Who in the fuck is this guy J. Cole, and how did he go from being entirely unheard of to being all over Vibe magazine's favorite hip-hop blogs since, like, Friday?

I know he's the main guy signed to Jay-Z's new label, Roc Nation, and I guess the TIs gave him a big PR push at the end of last week. I checked Rap Pravda a few minutes ago, looking for something else, and I see he's got a new mixtape out today, and someone in the comments section there says they're gonna be at a show he's doing in New York tonight. Does this mean he's gonna be the new Drake, whatever that means?

For the sake of not waiting until too late in the afternoon to come up with something to write about, which is frowned upon here at XXL, I've outlined a few problems J. Cole might have in his career, without actually listening to his music, or knowing whether anyone else is gonna bother listening to his music.

Without further ado...

1) His name is J. Cole.

That's even lamer than Drake. But at least in Drake's case, he can claim that that's what people usually call him, and he didn't want to get a different rap name. Like, if I decided to become a rapper, to fulfill this notion that any hip-hop blogger, especially one with a point of view, is really just a failed rapper, I might just go by Bol. But I certainly wouldn't go by B. Crawford. What kind of lame shit is that? Is it from Diddy calling himself P. Diddy?

2) The TIs already have him in their tentacles.

Again, Drake did it the right way. Supposedly, he's yet to sign with a major label, and his price might be as high as $2 million, probably because he sounds like a budget Lil' Wayne, and Tha Carter III sold did a milli. He better try to pocket as much of that 2 mill as possible, and hope it doesn't go to pay the clowns who run his fake social networking site that no one uses, and the people who send out spam email, and all of the other various forms of major label graft I've been trying to expose. J. Cole, meanwhile, is already signed to Roc Nation, Jay-Z's vanity imprint/tax write-off over at Epic.

Which brings us to...

3) He's on Roc Nation.

I knew Roc Nation was gonna be a graveyard even before I found out about the shenanigans that led it to be signed to Epic, rather than a legit rap label. The dead giveaways were the fact that Jay-Z never signed anyone worthwhile to Roc-A-Fella, he just tried to run off the people Dame signed; and the fact that Jay knew better than to put out his own album on Roc Nation.
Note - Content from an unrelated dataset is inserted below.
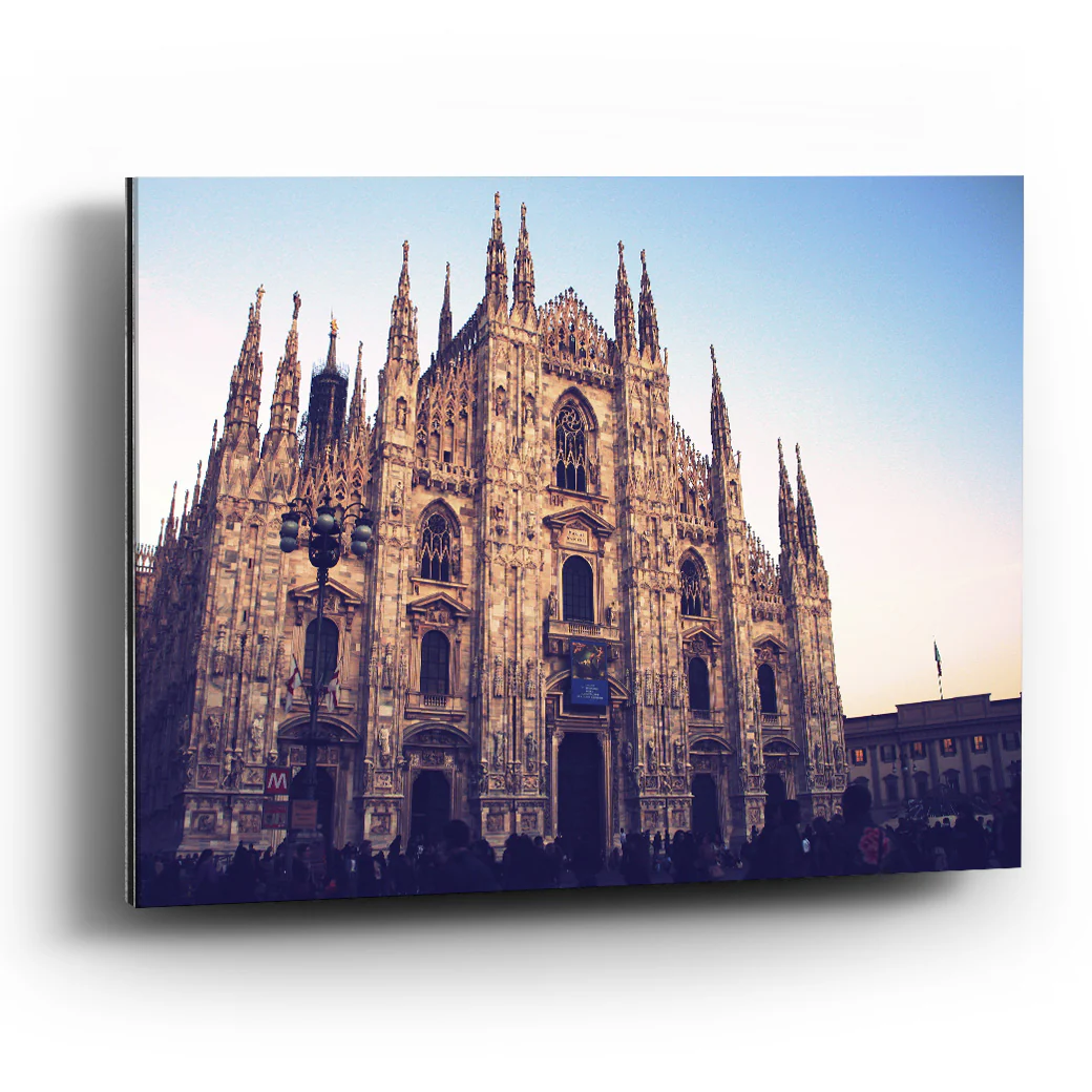Esta fotografía del Duomo de la ciudad de Milan, es una catedral gótica, de las más importantes estructuras católicas en el mundo.

4) Rappers who emerge from the Internets seem especially vulnerable to hate.

You see what happened to Asher Roth, and Charles Hamilton, and Wale, and the Cool Kids, and so on and so forth. Contrary to popular belief, it's not like I sit around and come up with ways to make hipster rappers look questionable. You guys should know I would never exert that much effort. It's just that a lot of these guys are easy to make fun of, and then when you do, there aren't a whole lot of stans to jump to their defense, because they aren't as genuinely popular as they are ubiquitous on the Internets. Then you end up with a situation like Charles Hamilton, where I'm hearing that the TIs are considering not bothering to release his album, perhaps due in part to this series of PR kerfuffles. I don't know much at all about J. Cole, but... well, just look at the cover of his new mixtape.